:: To do ::
Take the lines below from the one with "وانطلق موكب التشييع" through the one with "- Electronic pressure" and print only them, exactly. Don't print the pictures.
▼▼▼
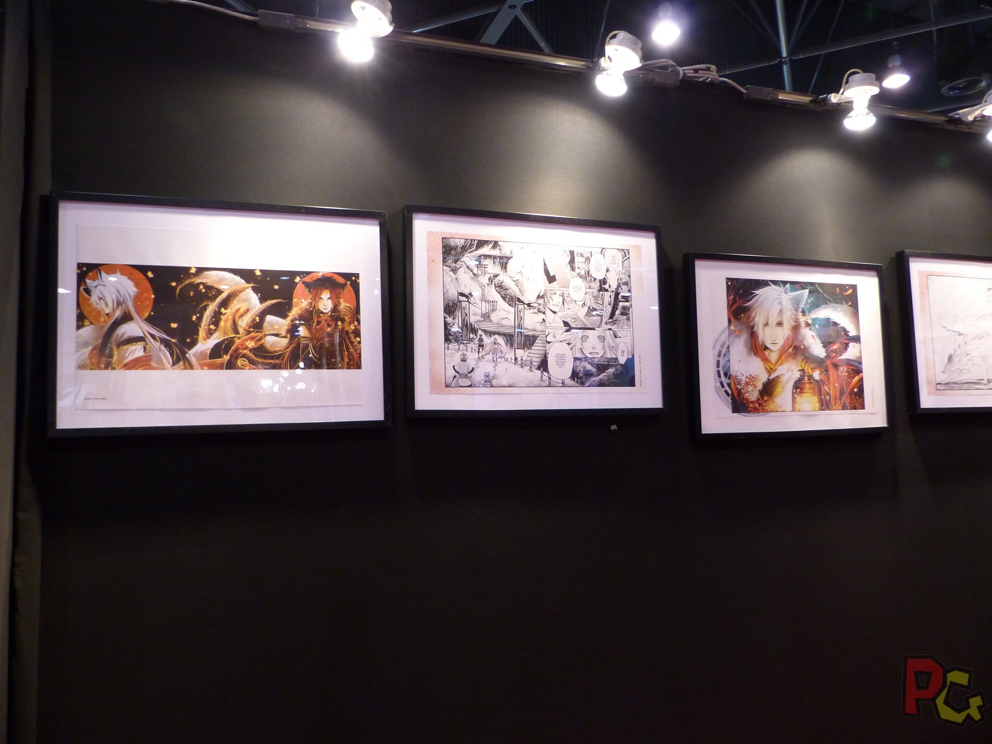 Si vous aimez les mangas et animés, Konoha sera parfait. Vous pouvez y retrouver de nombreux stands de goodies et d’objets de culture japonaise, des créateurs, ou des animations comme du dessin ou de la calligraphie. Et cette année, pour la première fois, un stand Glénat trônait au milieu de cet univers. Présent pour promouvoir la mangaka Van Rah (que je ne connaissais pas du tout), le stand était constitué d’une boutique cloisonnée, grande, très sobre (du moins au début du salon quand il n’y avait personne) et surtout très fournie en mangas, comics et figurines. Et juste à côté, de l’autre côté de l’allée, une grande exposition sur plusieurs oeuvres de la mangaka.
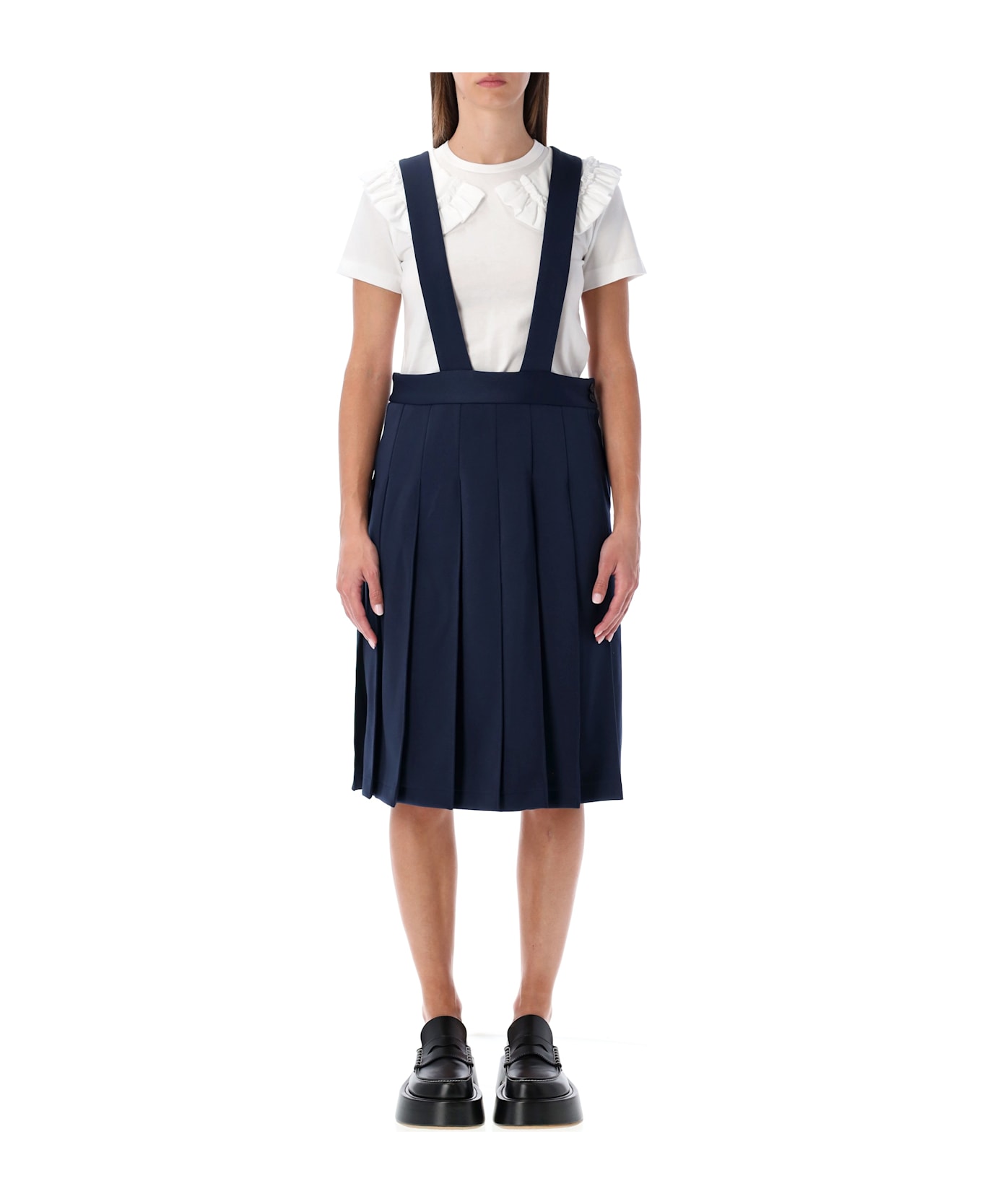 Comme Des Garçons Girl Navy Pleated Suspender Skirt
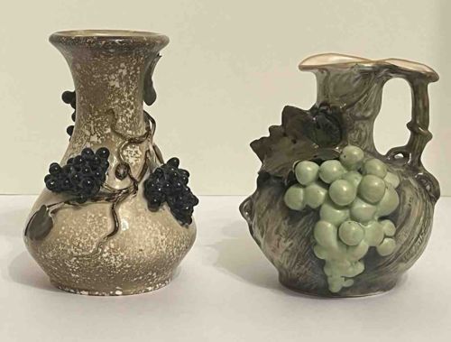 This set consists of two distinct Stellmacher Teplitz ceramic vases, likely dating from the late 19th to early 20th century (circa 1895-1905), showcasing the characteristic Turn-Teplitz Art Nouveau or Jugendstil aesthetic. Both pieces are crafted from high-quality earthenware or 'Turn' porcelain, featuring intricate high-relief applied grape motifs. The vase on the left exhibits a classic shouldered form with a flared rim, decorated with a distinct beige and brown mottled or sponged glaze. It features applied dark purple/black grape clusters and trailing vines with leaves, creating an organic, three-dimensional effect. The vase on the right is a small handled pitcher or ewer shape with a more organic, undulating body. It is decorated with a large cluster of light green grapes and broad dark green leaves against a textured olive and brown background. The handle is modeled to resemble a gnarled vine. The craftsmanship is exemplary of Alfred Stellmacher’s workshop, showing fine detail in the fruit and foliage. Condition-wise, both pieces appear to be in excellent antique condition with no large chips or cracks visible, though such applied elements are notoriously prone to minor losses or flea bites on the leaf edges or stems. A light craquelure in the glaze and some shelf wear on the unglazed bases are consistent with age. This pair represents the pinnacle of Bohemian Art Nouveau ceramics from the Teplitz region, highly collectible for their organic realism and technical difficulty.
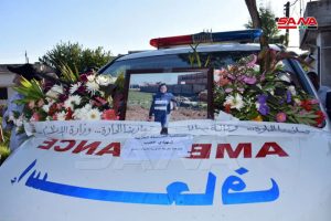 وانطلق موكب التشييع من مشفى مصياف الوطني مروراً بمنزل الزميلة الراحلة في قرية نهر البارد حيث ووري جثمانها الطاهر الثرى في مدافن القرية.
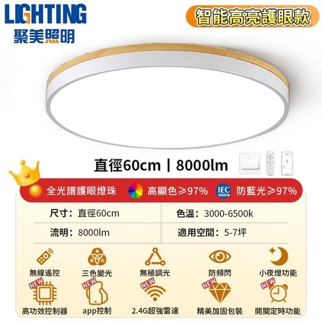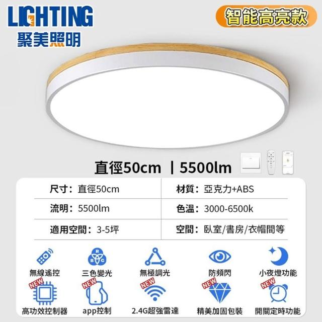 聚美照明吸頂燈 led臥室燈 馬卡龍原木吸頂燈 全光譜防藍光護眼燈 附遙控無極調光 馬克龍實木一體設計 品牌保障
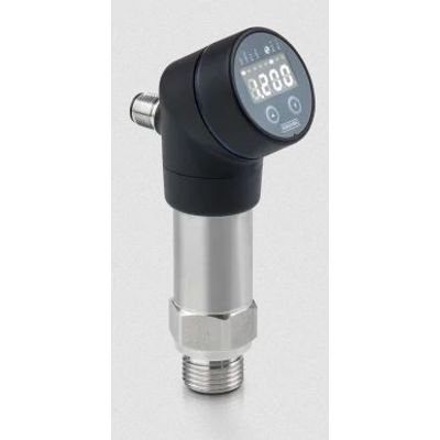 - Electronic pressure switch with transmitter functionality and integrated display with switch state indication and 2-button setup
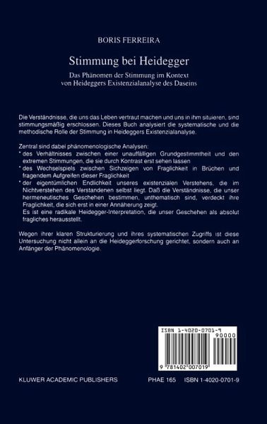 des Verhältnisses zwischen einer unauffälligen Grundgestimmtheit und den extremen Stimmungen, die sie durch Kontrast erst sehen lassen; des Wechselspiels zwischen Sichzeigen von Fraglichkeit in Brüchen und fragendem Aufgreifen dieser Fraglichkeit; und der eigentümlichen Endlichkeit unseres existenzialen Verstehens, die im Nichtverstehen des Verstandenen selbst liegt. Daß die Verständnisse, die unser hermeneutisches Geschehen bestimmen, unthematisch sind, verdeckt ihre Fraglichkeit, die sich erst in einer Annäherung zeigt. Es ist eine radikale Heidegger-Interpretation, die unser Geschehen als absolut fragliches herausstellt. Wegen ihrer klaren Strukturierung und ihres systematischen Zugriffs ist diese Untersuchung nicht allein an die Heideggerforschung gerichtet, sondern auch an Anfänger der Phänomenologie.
▲▲▲
:: Response to this task ::
 وانطلق موكب التشييع من مشفى مصياف الوطني مروراً بمنزل الزميلة الراحلة في قرية نهر البارد حيث ووري جثمانها الطاهر الثرى في مدافن القرية.
 聚美照明吸頂燈 led臥室燈 馬卡龍原木吸頂燈 全光譜防藍光護眼燈 附遙控無極調光 馬克龍實木一體設計 品牌保障
 - Electronic pressure switch with transmitter functionality and integrated display with switch state indication and 2-button setup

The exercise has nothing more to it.